Caleb Williams NFL draft summary: high-risk, high-reward

Caleb at his best makes unreal plays. Caleb at his worst tries to do too much. It’s a tension he must resolve.

Caleb Williams is a human highlight reel. We saw him at USC for two seasons and watched him dazzle us with his flair for improvisation and his knack for sensing pressure in the pocket. So many times, he made something out of nothing. He found a creative angle in which to throw the ball. He turned good pass rushers into desperate, frustrated chasers.

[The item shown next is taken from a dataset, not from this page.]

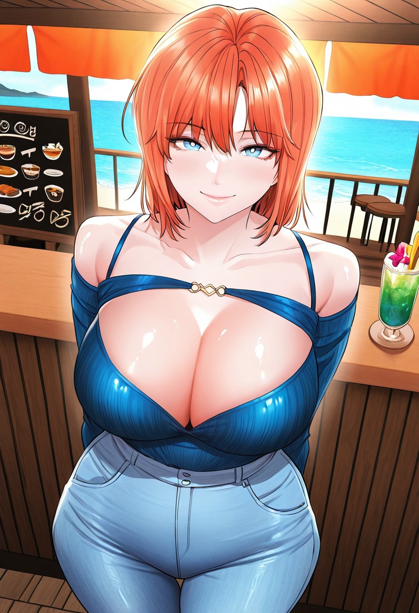 이루리: lee_ru-ri, 날카로운 파란 눈, 아름다운 주황색 머리카락, 아름다운 짧은 볼륨 헤어, 앞머리, 거대하고 허름한 가슴,

Caleb Williams sealed the 2022 Heisman Trophy with his masterful performance against Notre Dame. A good Irish defense with tough and proven defensive linemen did not play horribly, but Caleb was able to elude pass rushers all night long with his sixth sense in the pocket. The Irish simply could not bring him down, and Caleb bought time before making a surgical downfield pass. USC hammered the Irish and notched their 11th win of the 2022 season, clinching a New Year’s Six bowl berth. That was the best of Caleb Williams. A few weeks later, he lifted the Heisman in New York.

In 2023, Caleb still had his moments, particularly the 42-point showing against eventual Pac-12 champion and national runner-up Washington. However, we also saw more plays in which trying to make a brilliant play led to a fumble. Williams didn’t throw the short checkdown. He didn’t make the simple play. He tried to do too much. This is the risk-reward tension for Caleb, and it’s what NFL teams need to evaluate heading into the 2024 NFL draft.